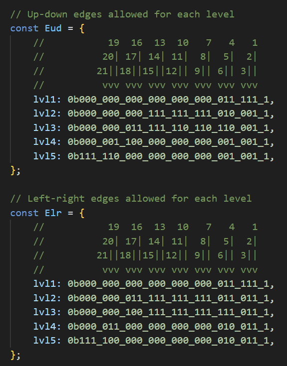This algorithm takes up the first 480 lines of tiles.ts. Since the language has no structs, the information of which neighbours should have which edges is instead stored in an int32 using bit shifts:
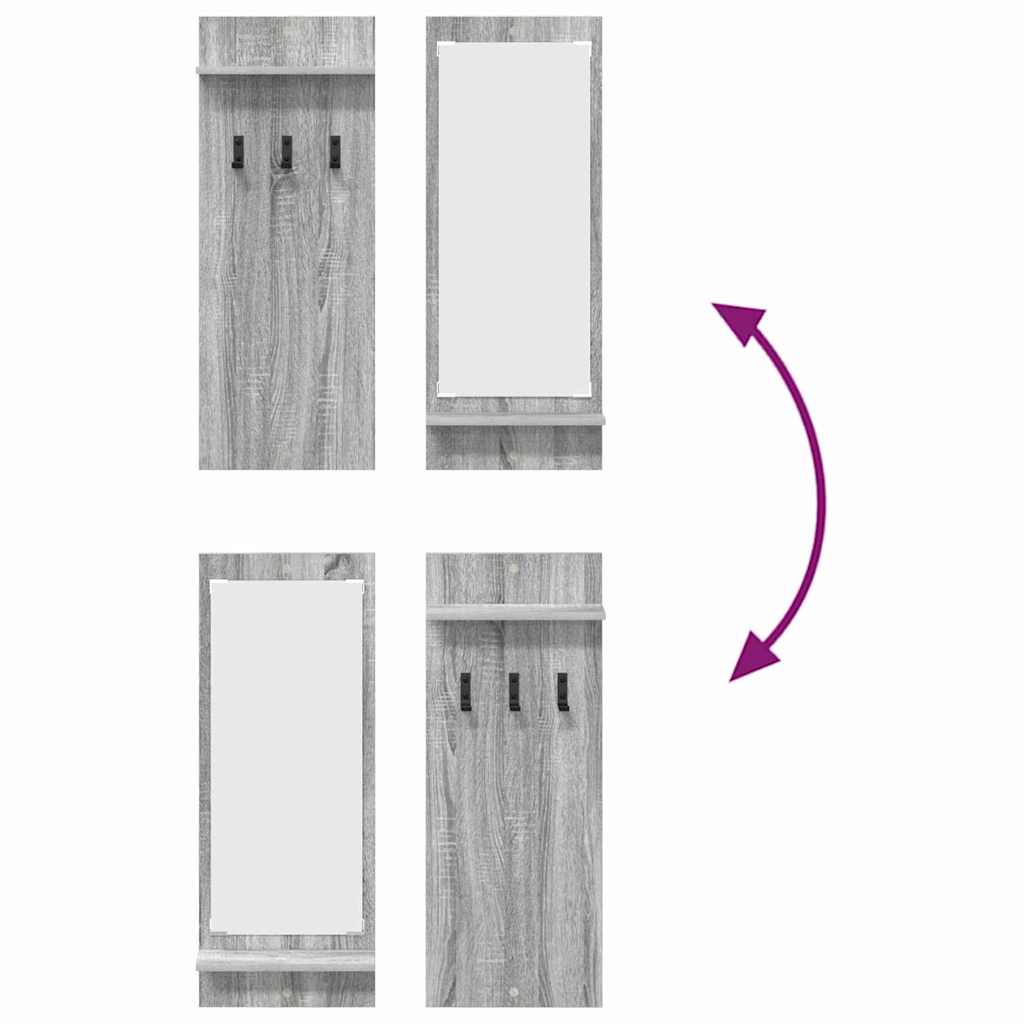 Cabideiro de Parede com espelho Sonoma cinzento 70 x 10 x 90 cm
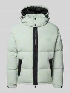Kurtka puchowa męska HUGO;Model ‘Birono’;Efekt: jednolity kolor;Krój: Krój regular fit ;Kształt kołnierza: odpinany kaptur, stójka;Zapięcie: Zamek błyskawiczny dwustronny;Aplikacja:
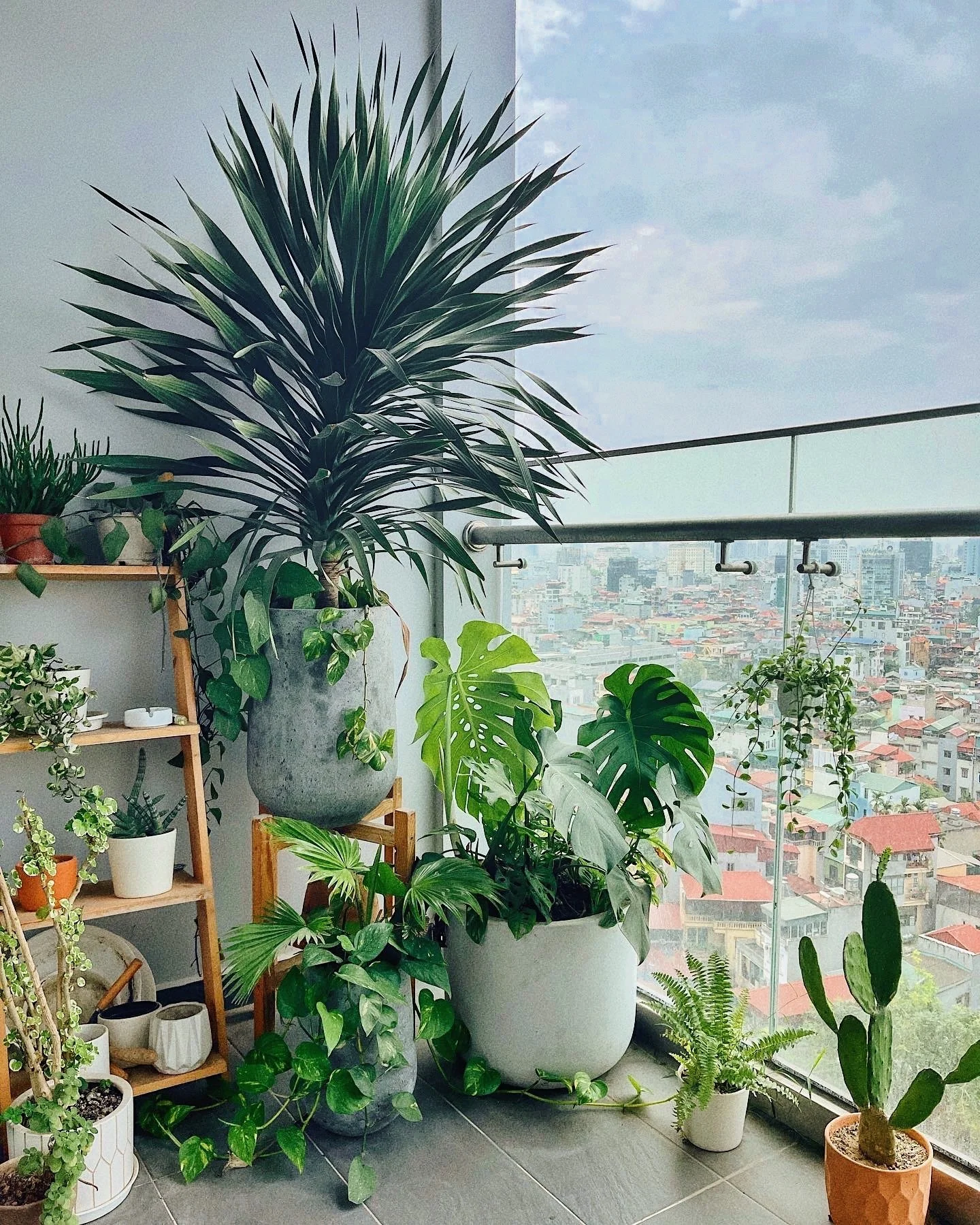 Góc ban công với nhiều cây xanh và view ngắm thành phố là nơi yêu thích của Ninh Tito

____________________

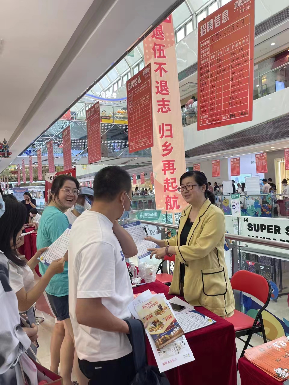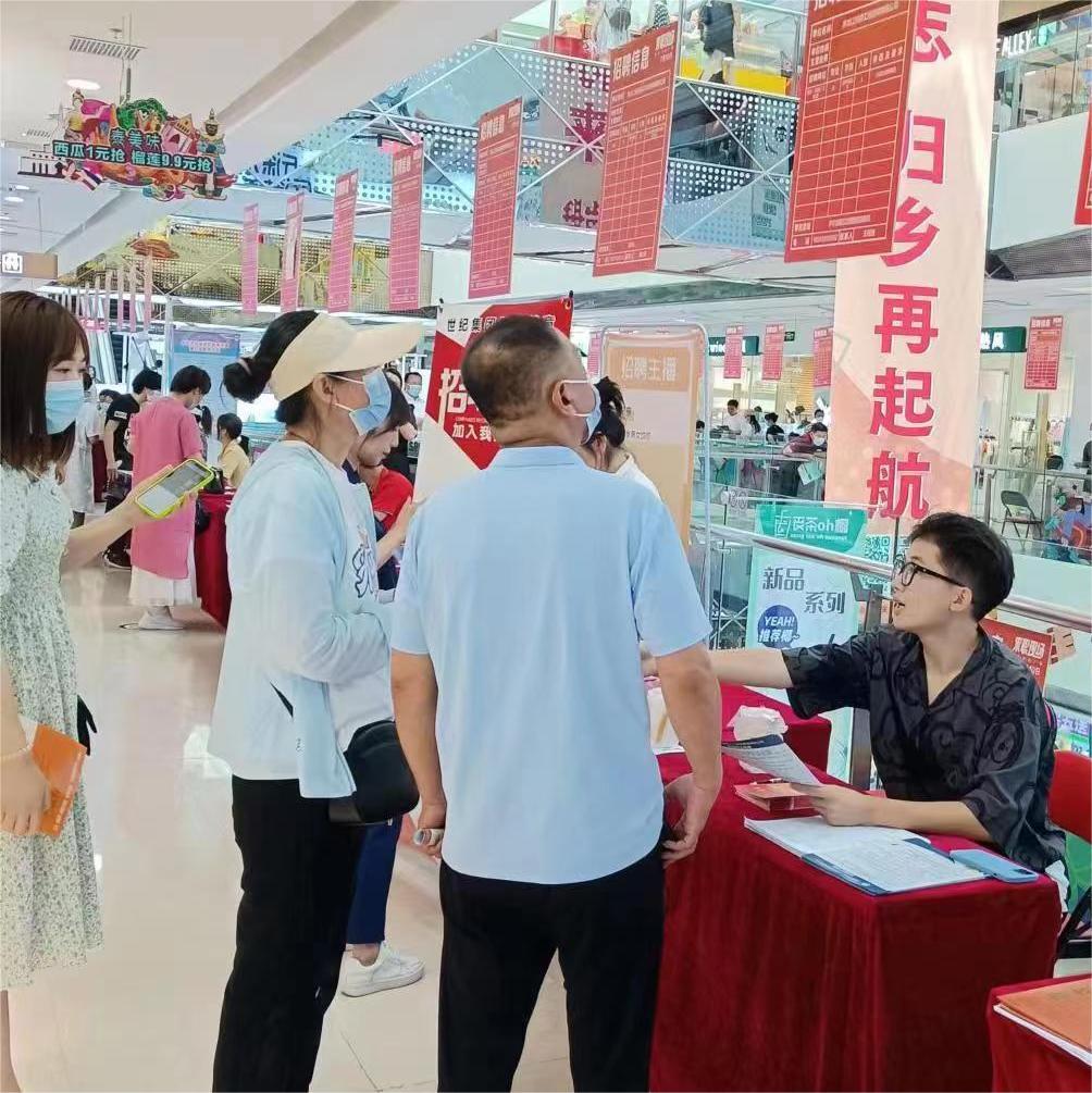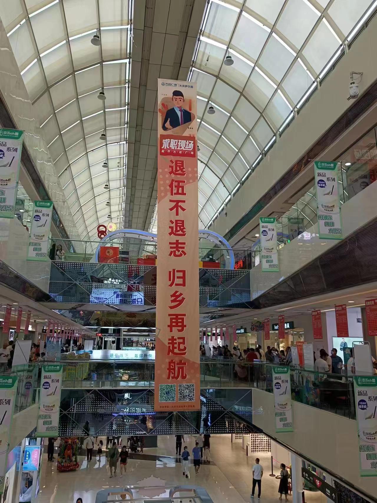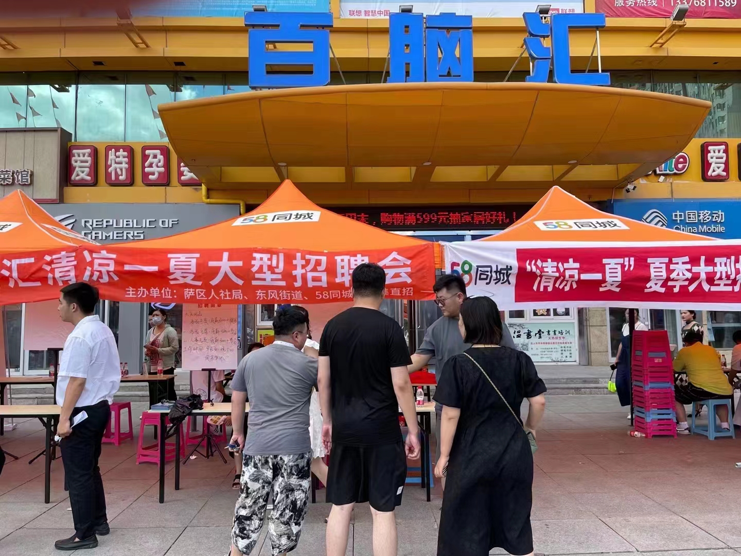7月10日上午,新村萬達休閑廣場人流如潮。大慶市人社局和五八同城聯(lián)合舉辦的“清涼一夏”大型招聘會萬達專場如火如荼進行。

____________________

### [Exercise objective]
What to print is the stretch of entries from the line with "Cabideiro de Parede" up to and including the line with "Góc ban công". Please print it exactly and leave out the pictures.

### [Response to the task]
 Cabideiro de Parede com espelho Sonoma cinzento 70 x 10 x 90 cm
Kurtka puchowa męska HUGO;Model ‘Birono’;Efekt: jednolity kolor;Krój: Krój regular fit ;Kształt kołnierza: odpinany kaptur, stójka;Zapięcie: Zamek błyskawiczny dwustronny;Aplikacja:
 Góc ban công với nhiều cây xanh và view ngắm thành phố là nơi yêu thích của Ninh Tito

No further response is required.